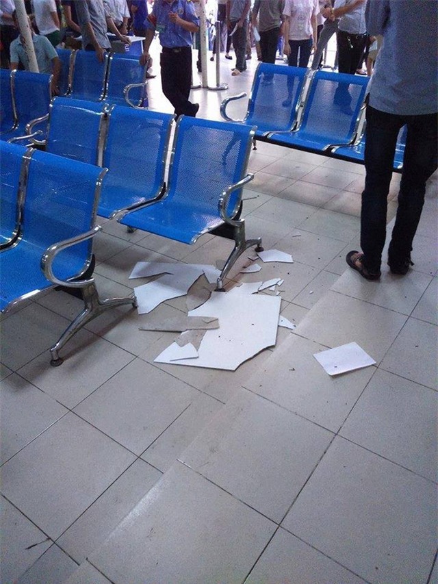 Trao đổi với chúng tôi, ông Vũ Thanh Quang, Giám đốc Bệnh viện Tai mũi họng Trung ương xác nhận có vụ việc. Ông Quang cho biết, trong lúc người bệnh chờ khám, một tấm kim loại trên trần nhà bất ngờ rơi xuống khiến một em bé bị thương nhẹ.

* * *

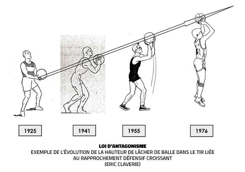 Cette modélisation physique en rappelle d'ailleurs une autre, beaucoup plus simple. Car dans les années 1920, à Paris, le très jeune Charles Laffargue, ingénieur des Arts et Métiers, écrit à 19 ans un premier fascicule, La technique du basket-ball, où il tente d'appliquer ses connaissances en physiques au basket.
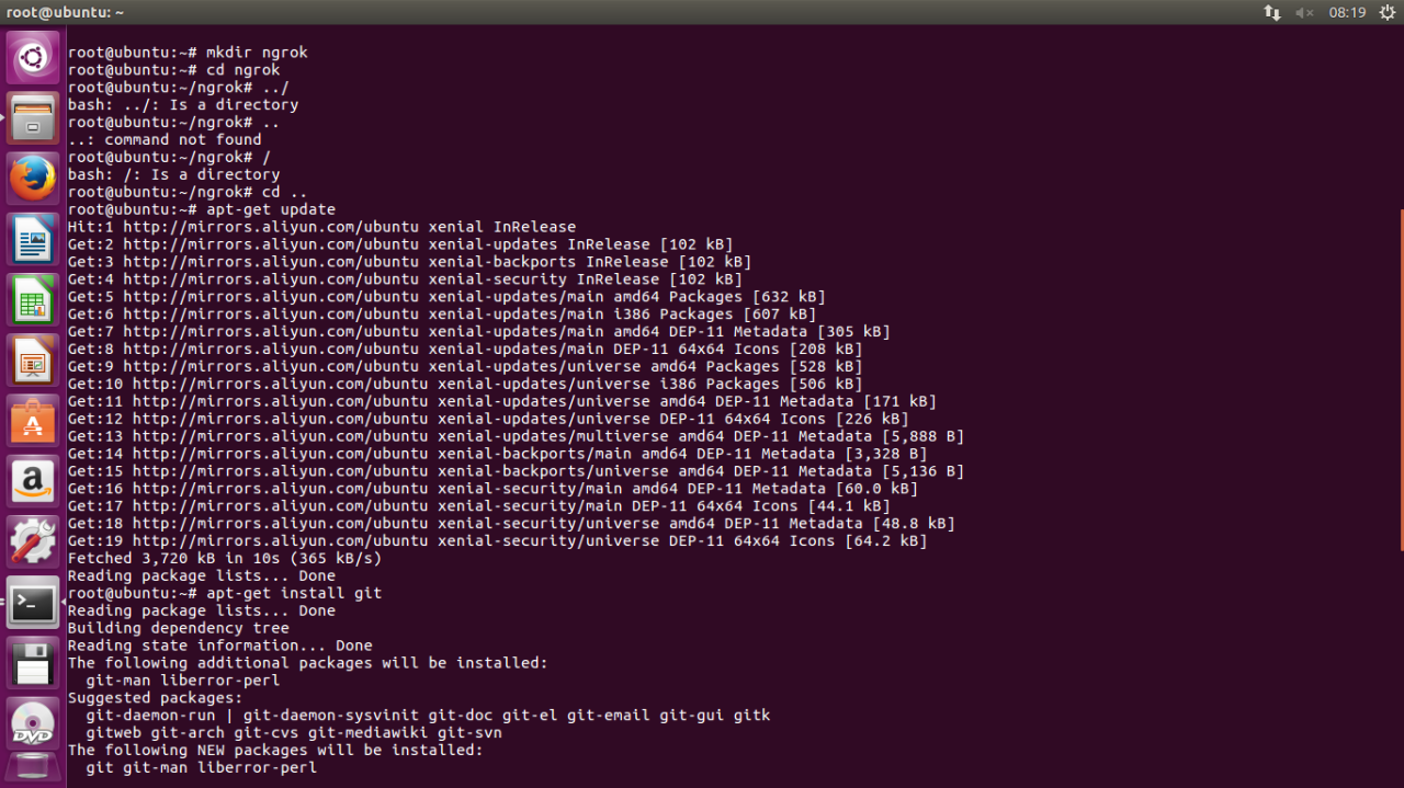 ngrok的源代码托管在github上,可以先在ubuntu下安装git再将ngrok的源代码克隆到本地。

--

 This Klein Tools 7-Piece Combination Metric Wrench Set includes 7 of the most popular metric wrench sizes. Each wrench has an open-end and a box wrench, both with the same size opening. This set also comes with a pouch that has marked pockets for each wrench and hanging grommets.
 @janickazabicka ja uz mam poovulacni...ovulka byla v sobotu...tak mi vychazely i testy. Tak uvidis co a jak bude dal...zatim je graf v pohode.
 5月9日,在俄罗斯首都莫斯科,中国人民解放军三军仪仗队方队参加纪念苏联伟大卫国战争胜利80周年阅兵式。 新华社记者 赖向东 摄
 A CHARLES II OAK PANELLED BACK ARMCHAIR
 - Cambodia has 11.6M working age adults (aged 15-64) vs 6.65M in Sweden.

**Exercise requirements:** Copy the lines of the data above exactly as written, beginning with the line containing "graf v pohode." and ending with the line containing "- Cambodia has", and leave out all other lines.

**Your solution:**
 @janickazabicka ja uz mam poovulacni...ovulka byla v sobotu...tak mi vychazely i testy. Tak uvidis co a jak bude dal...zatim je graf v pohode.
 5月9日,在俄罗斯首都莫斯科,中国人民解放军三军仪仗队方队参加纪念苏联伟大卫国战争胜利80周年阅兵式。 新华社记者 赖向东 摄
 A CHARLES II OAK PANELLED BACK ARMCHAIR
 - Cambodia has 11.6M working age adults (aged 15-64) vs 6.65M in Sweden.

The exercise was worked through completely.